Chess and religion haven’t always made for the happiest of bedfellows in fact they have a (excuse the pun) chequered history. Chess has been banned (and unbanned) by members of the Islamic faith, Catholics, Anglicans, Puritans and Jews.
Back in 642 A.D. the Prophet Mohammed’s (PBUH) son-in-law decided that chess would be haram (forbidden) because it used “graven images”. That means he wasn’t keen on the physical replication of figures through carving for the chess pieces.
In 780 A.D. it was the Muslim Caliphate of Al-Mahdi that began a letter writing campaign to the holy mosque in Mecca, instructing the forbidding of chess, but not all chess, just that played using dice.
Then in 1005, the Egyptians went on anti-chess spree and they not only banned the game but also handed down instructions that boards and pieces were to be burned.
In 1063, the Eastern Orthodox Church also banned chess, and then this was followed up in 1125 when one of its monks added chess to the list of sins covered by the term “debauchery”.
Then several bishops got in on the act of the next few years and the Knights Templar were told to stop playing, as were the English clergy.

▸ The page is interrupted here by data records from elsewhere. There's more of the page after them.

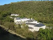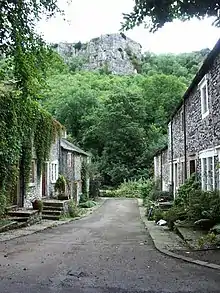 The large lead mining area at Tansley Dale, towards the head of the valley, is a protected Scheduled Monument. The visible remains are ruined stone walls and earthworks.[9] Further south in Cressbrook Dale around the settlement of Ravensdale there is extensive evidence of lead mining in the crags on the western side of the dale all the way from the lead rakes above Tansley Dale to Cressbrook itself. This probably dates from the 1500s up until the purchase of Cressbrook Mill and associated lands, including the dale, by Messrs Phillips and Co in 1814. Ravensdale Cottages (known locally as 'The Wick') in the middle of the valley are two terraces of cottages built by William Newton to house the workers at Cressbrook Mill. They date from 1823 and are Grade II listed buildings.[10][11]
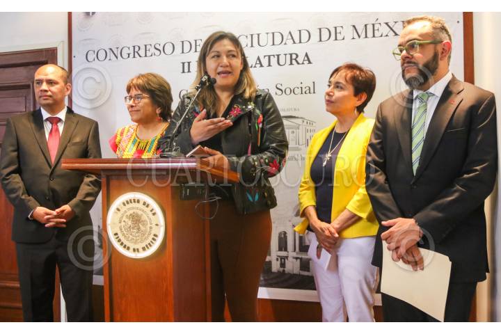 Marina Robles García, secretaria del Medio Ambiente de la Ciudad de México, participa en la conferencia de prensa sobre la presentación de la iniciativa de la Ley General de Economía Circular. La acompañaron legisladores de Morena.
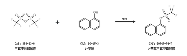 1.通過(guò)三氟甲烷磺酸酐和1-萘酚合成1-萘基三氟甲磺酸酯,收率約98%;
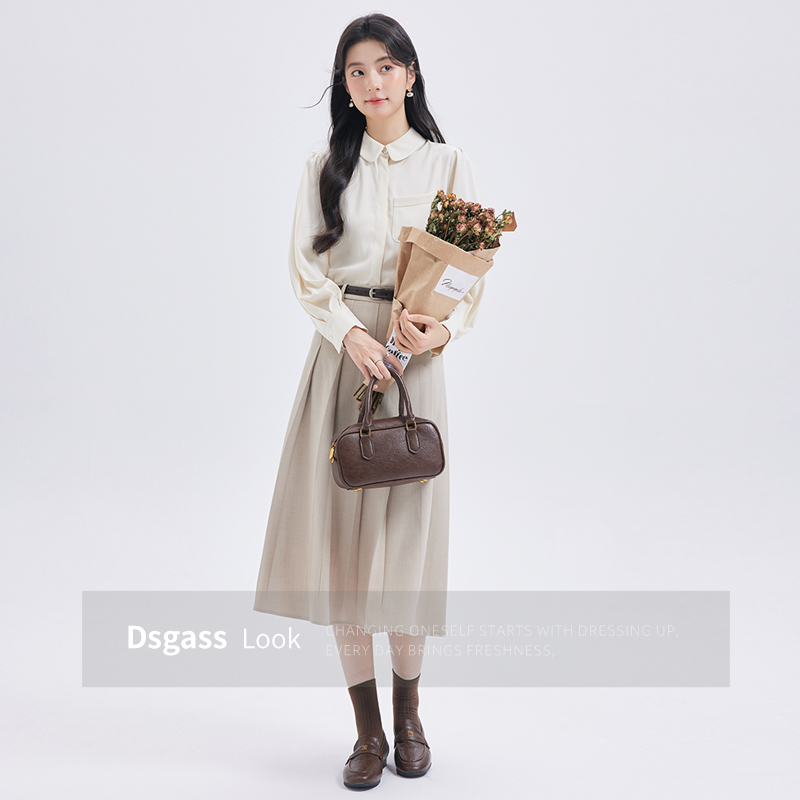达佳诗白色长袖衬衫女士2025早秋新款女装气质高级独特别致小上衣

Not to be left out Louis IX of France, decided to ban the game in 1254 – though not because it was sinful but because he thought it was dull.
In 1260, the English King – Henry III unbanned chess for the clergy. But in 1291 the Archbishop of Canterbury threatened all his staff with restricted rations unless they quit playing.
In 1328 the Jewish leadership couldn’t decide whether to ban chess or not, and in the end they instructed people not to gamble on the game.
More recently the Ayatollah Khomeni put the kibosh on the game in Iran back in 1981, but he changed his mind 7 years later. The Taliban are also not fans of the game and it was banned in Afghanistan under their leadership.
Strangely many church figures have played chess and several popes have been big fans, so it’s not always been a controversial game amongst the more religiously minded.